La storia dice tra l’altro che è stato realizzato a tempo record.

«L’idea di costruire un nuovo palasport Modena l’avevano avuta già qualche anno prima, quando l’assessore allo sport era Ariani, ma fu nel 1984 che l’ipotesi divenne concreta. Scegliemmo in Giunta il progetto presentato dall’architetto Vinicio Vecchi, che ha al suo attivo anche quelli del Cinema Principe e Raffaello, e partimmo con i lavori nel luglio del 1984. Fu un periodo bellissimo, 14 mesi intensissimi che non dimenticherò mai in cui io e l’allora assessore ai lavori pubblici Giovanni Romagnoli passammo quasi tutte le nostre giornate a veder nascere la nostra creatura.
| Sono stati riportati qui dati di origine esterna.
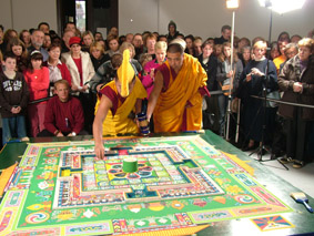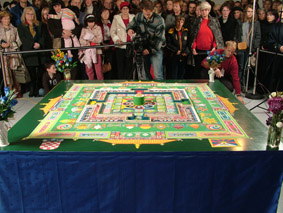 Naziv „mandala“ (Tib. dKyil-Khor) ima mnogo značenja, no uglavnom tumači se kao centar koji čini neizmjerna količina pozitivnog dobra poput planine i krug oko nje što zatvara drugu granicu horizonta ili polja pozitivnog djelovanja u sva tri vremena pojavnog svijeta. Zato se kaže da je mandala polje Univerzalnog mira koji bi se trebao razviti u svakom ljudskom biću. Savršenstvo koje mandala prikazuje vrhunski je sklad i cjelovitost čovjekovog prosvijetljenog stanja kojeg čini svijetlost mudrosti, ne-uvjetovane ljubavi, suosjećanja i neustrašivosti. Stoga mandala naglašava dobrotu probuđenog srca koje nije pod utjecajem razornih misli i emotivnih stanja. Ovakvo stanje čovjekove svijesti ne stvara neprijatelje oko sebe od kojih se ima za potrebu braniti. Ljudski um koji je u nemiru u sukobu je sa samim sobom a onda i sa okolinom i tu je glavni problem. Ako postoje istinski neprijatelji onda su oni zatrovana stanja vlastitog uma koja se očituju kroz mržnju, ljutnju, pohlepu, ponos i neznanje. Ove emocije su destruktivne prirode i stoga su istinski neprijatelji na putu postignuća istinske sreće za kojom težimo. Postizanje trajne sreće je temeljno prirodno ljudsko pravo kao i pravo na rođenje i slobodu.

Volevamo che il progetto fosse rispettato alla lettera e che i costi non sforassero quanto previsto: alla fine si superò di poco il miliardo delle vecchie lire, ma devo dire che ne valse la pena e ho avuto l’onore di poterlo inaugurare nel settembre del 1985 alla presenza di tutte le autorità civili, religiose e sportive non solo di Modena».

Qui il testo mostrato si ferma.